I had a fuel leak right after I got my Maxima (vent hose) thats taken care of now. When I let my car idle in the drive in Oklahoma weather and run the ac there seems to be a strong fuel smell outside the car (dont come in much at all. I have noticed it comes from the drivers side of the motor and near the front tire area (I looked at the places under the hood to try to see fuel leakage and didnt see any leakage at all) I am fixing to have my T-Belt service done so I might have them take a look and see what they think if I cant figure something out on it. any tips as to where it would be leaking and not seen when looking (I looked at the ones that you can see that run under the upper intake and didnt see any there)

Other question also (my car sounds raspy if I said that right) My z31 sounds the same as well and always has since day one when I got it used. I have seen other 89-94 Maxima's that when they drive hard or get onthere car they are quite and dont sound so umm 80's ( The guy where I always get my muffler work done that replaced the pipe under the motor said all was normal and it is what it is a early 90's Nissan and its typical for the sound of the car) I am thinking I have a broken stud maybe and the guy that does my exhaust work dont want to deal with it maybe? This could be the cause of my fuel smell also maybe? I guess if it is they will solve when they replace the T-belt and water pump and such. 

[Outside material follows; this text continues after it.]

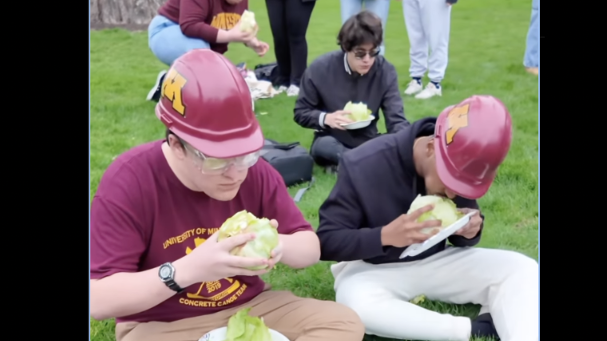 Students get together once a year for a stress reliever towards the end of the spring semester to have fun and see who can eat a head of lettuce the fastest. There were actually two winners for the competition this year, where Ethan Lie and Jared Burnett tied at 3 minutes and 32 seconds. Ethan was declared the winner by default because Jared is graduating this year, and the winner has to organize the event for next year. But still, default or not, a win is a win. We salute you, Head Lettuce Ethan Lie!
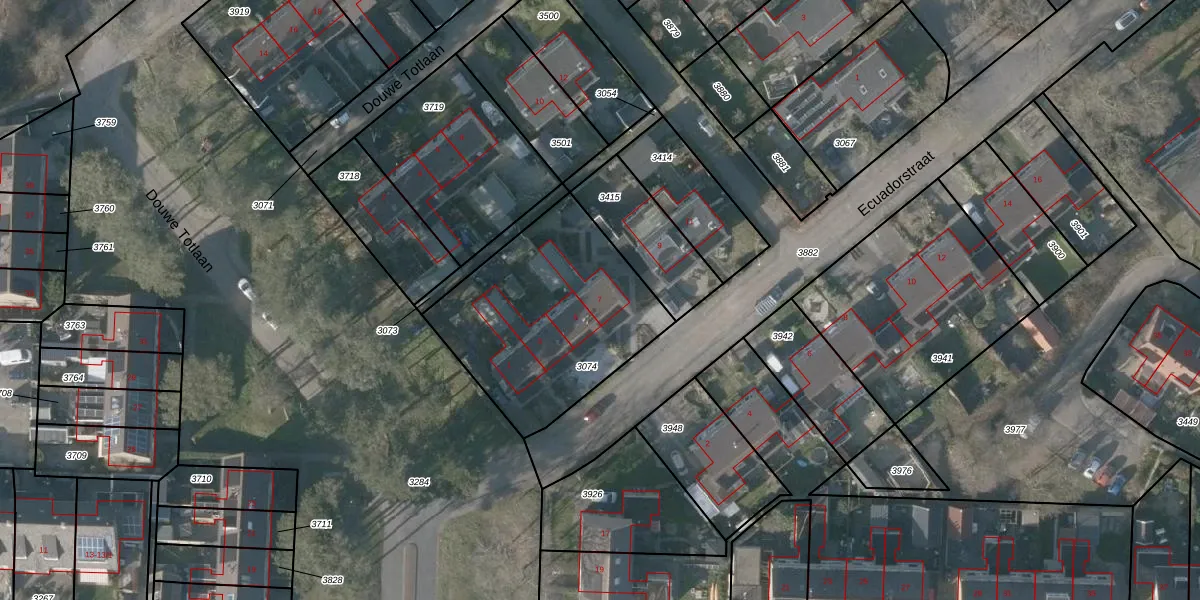 Het perceel waarop Ecuadorstraat 7 staat heeft een oppervlakte van 889 m². Dit is een groot perceel. De perceeloppervlakte wordt geregistreerd door het Kadaster. Gedetailleerde informatie over de maten van dit perceel kunt u vinden in het rapport Kadastrale kaart met maatvoering van Ecuadorstraat 7.

The guy that services the Nissan's and Infiniti;s in the small town I am from in south Oklahoma said its going to run right around 200-275 for my Belt-new pulley for the belt and water pump and new seals also. isnt that a good price?



Thanks for any help with this


Donnie H.


----------



## alexnds (Oct 1, 2005)

DonaldHays said:


> Hey Everyone,
> 
> I had a fuel leak right after I got my Maxima (vent hose) thats taken care of now. When I let my car idle in the drive in Oklahoma weather and run the ac there seems to be a strong fuel smell outside the car (dont come in much at all. I have noticed it comes from the drivers side of the motor and near the front tire area (I looked at the places under the hood to try to see fuel leakage and didnt see any leakage at all) I am fixing to have my T-Belt service done so I might have them take a look and see what they think if I cant figure something out on it. any tips as to where it would be leaking and not seen when looking (I looked at the ones that you can see that run under the upper intake and didnt see any there)
> 
> ...


Hi Donnie: water pump, timing belt or chain , and all other belts normally cost between $600-$800. It depends if they're giving you new pump or rebuild. The diagraph collapsing in the pump would cause no cooling and thus, no engine. In terms of your fuel smells, I would check all vacuum hoses and any vacuum leaks. Replace them also, since it's cheap insurance. I would check around your EGR area as well. Check if your exhaust manifold doesn't have loose bolts. It might be causing loudness if your muffler is not the problem.


----------